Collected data
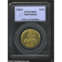 Zeeland gold 14 gulden 1763/2, Knight on horseback/Arms with date and value, F-313, KM-97, MS63 PCGS
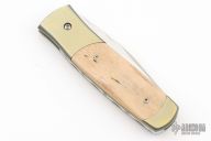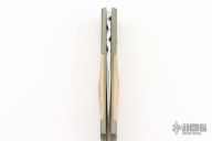 This Automatic by Z Custom Knives features a mirror polished drop point blade with file worked thumbrest. The handle is comprised of an anodized orange peel titanium frame with mammoth inlays and inlaid push button over a fileworked stainless steel backspacer. Has some light scuffs and scratches, otherwise great condition. Hard to find!
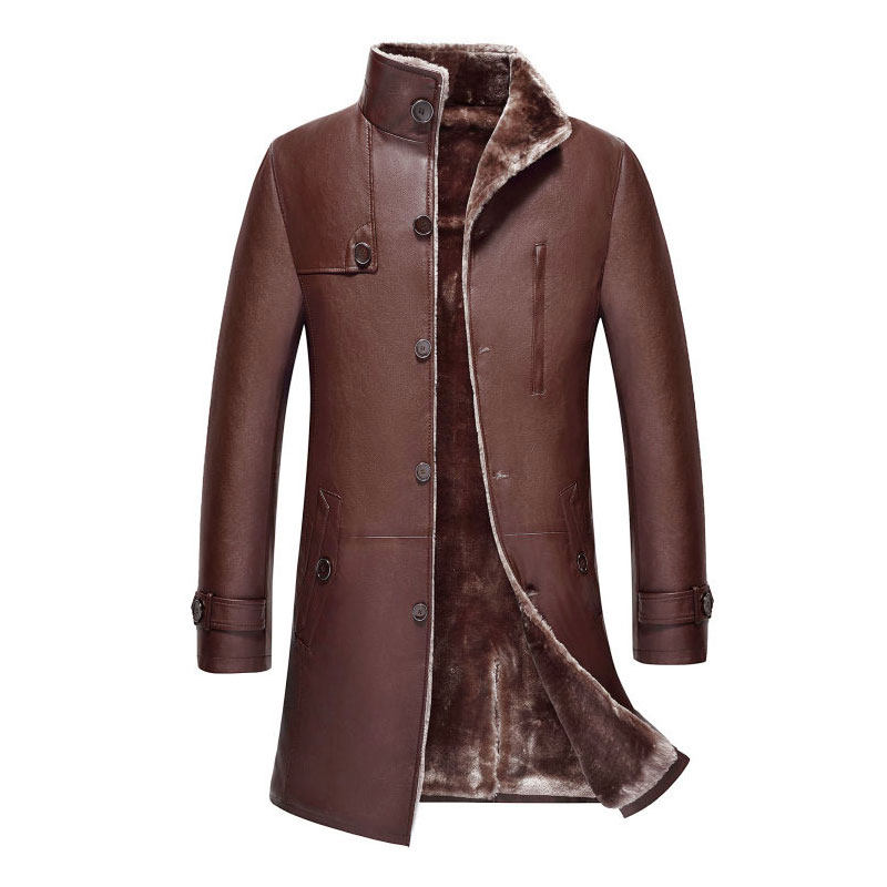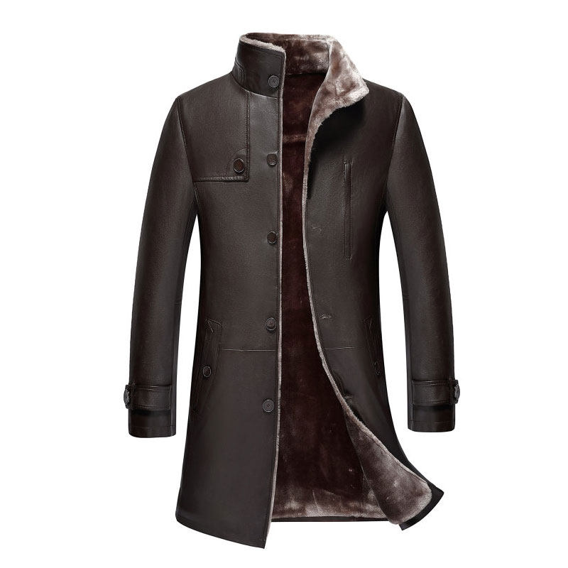 海宁男装真皮皮衣中长款立领绵羊皮皮毛一体男士加厚皮草大衣外套
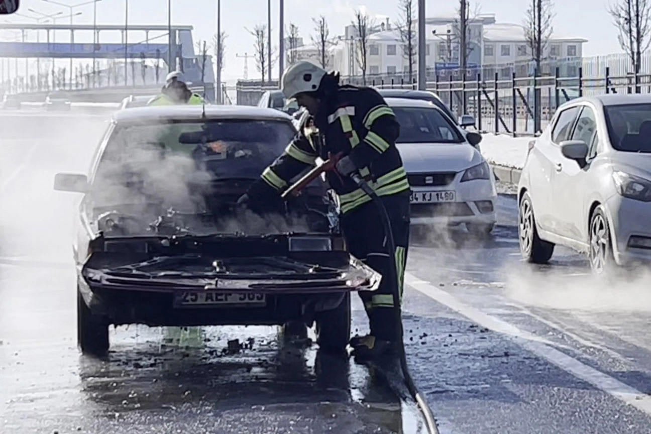 Yol ortasında yanan otomobil itfaiye ekiplerince söndürüldü. Erzurum - Çat kara yolu Şehir Hastanesi kavşağında meydana gelen olayda, kent merkezine seyir halindeki özel otomobilden bir anda dumanlar yükselmeye başladı. Aracını yol ortasında durdurarak inen sürücü durumu hemen itfaiye ekiplerine bildirdi. Kısa sürede olay yerine gelen Erzurum Büyükşehir Belediyesi ekiplerinin müdahalesiyle yangın söndürüldü.
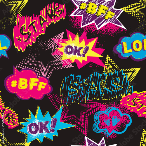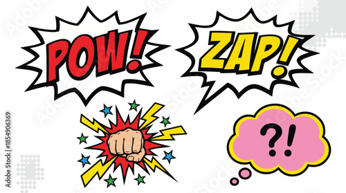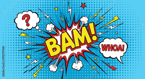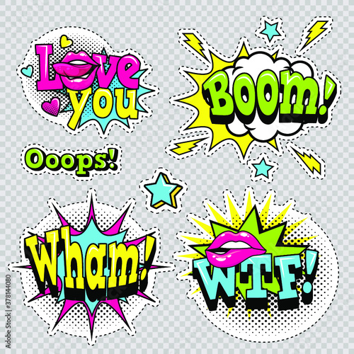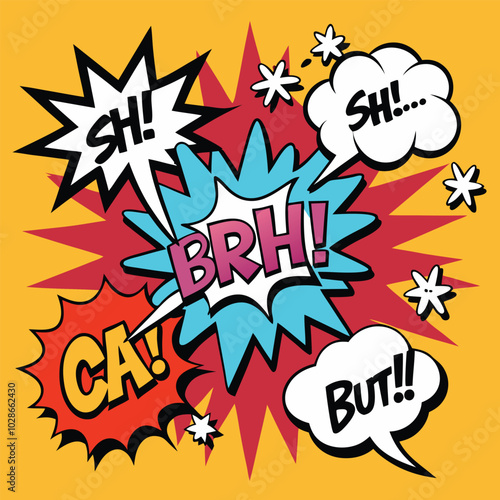 Векторная винтажная поп-арт-комическая речь и пузырь взрыва, набор модных фраз и выражений: Бах, Бах, Бам, Бам.
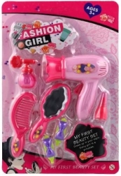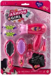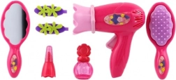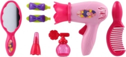 Il set include sette accessori coordinati nei colori, tra cui un asciugacapelli rosa e altri elementi essenziali per un gioco creativo e sicuro. I prodotti sono realizzati in plastica di alta qualità, resistente e sicura per i bambini dai tre anni in su.
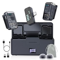 Microphone for iPhone 54Hrs Battery for Android/PC/iPad, mini Microphone Noise Cancelling Wireless Lavalier Microphones for Video Recording Lapel Mic Clip on Mic for Podcast
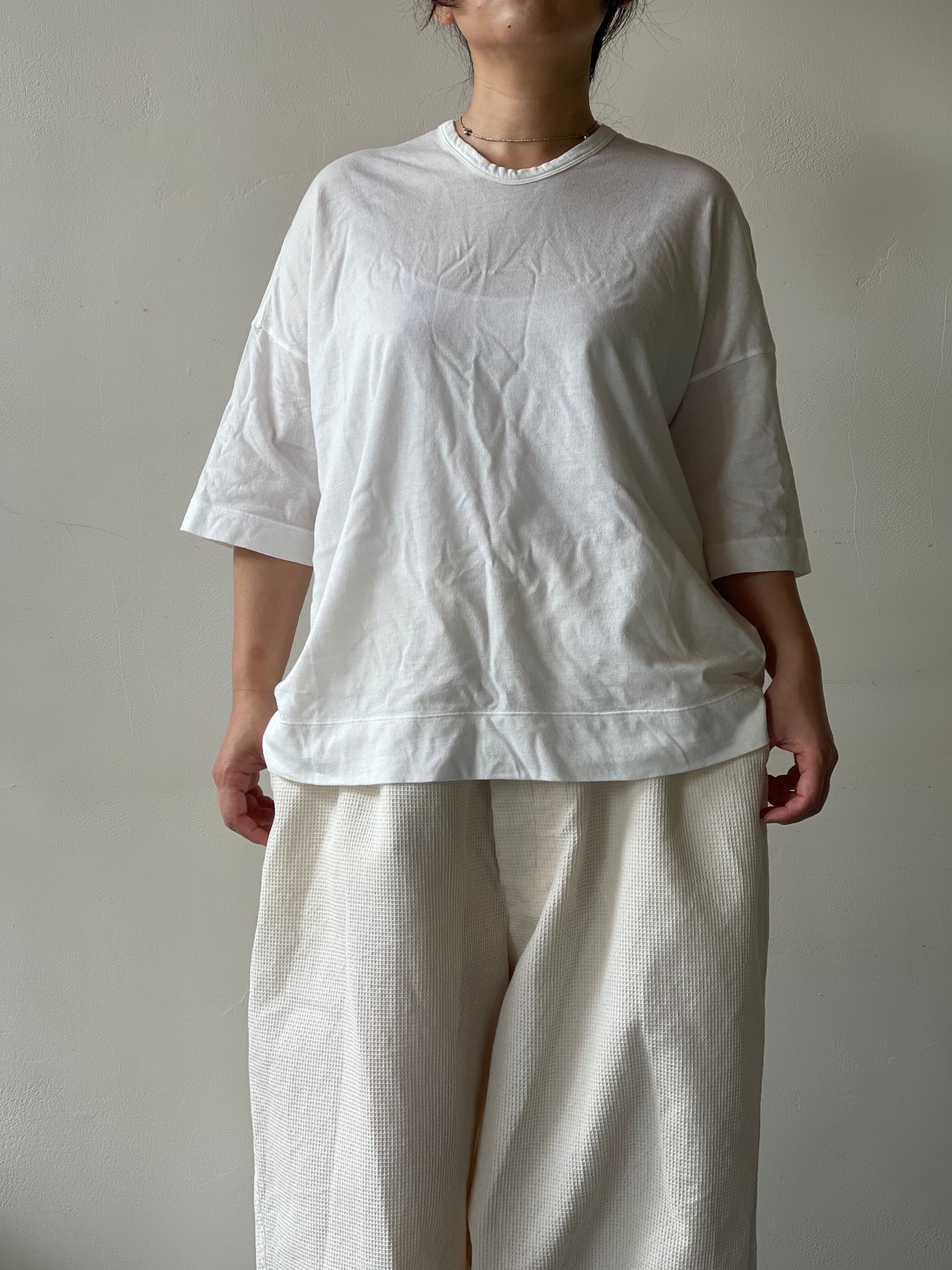 細かい凹凸感があり、やわらかなコットンを使用した着心地抜群のオーバーサイズプルオーバー。

> **YOUR OBJECTIVE**: Output only the lines running from the one containing "Il set include" to the end of the records, inclusive and exact; skip the pictures.

> **ANSWER**:
 Il set include sette accessori coordinati nei colori, tra cui un asciugacapelli rosa e altri elementi essenziali per un gioco creativo e sicuro. I prodotti sono realizzati in plastica di alta qualità, resistente e sicura per i bambini dai tre anni in su.
 Microphone for iPhone 54Hrs Battery for Android/PC/iPad, mini Microphone Noise Cancelling Wireless Lavalier Microphones for Video Recording Lapel Mic Clip on Mic for Podcast
 細かい凹凸感があり、やわらかなコットンを使用した着心地抜群のオーバーサイズプルオーバー。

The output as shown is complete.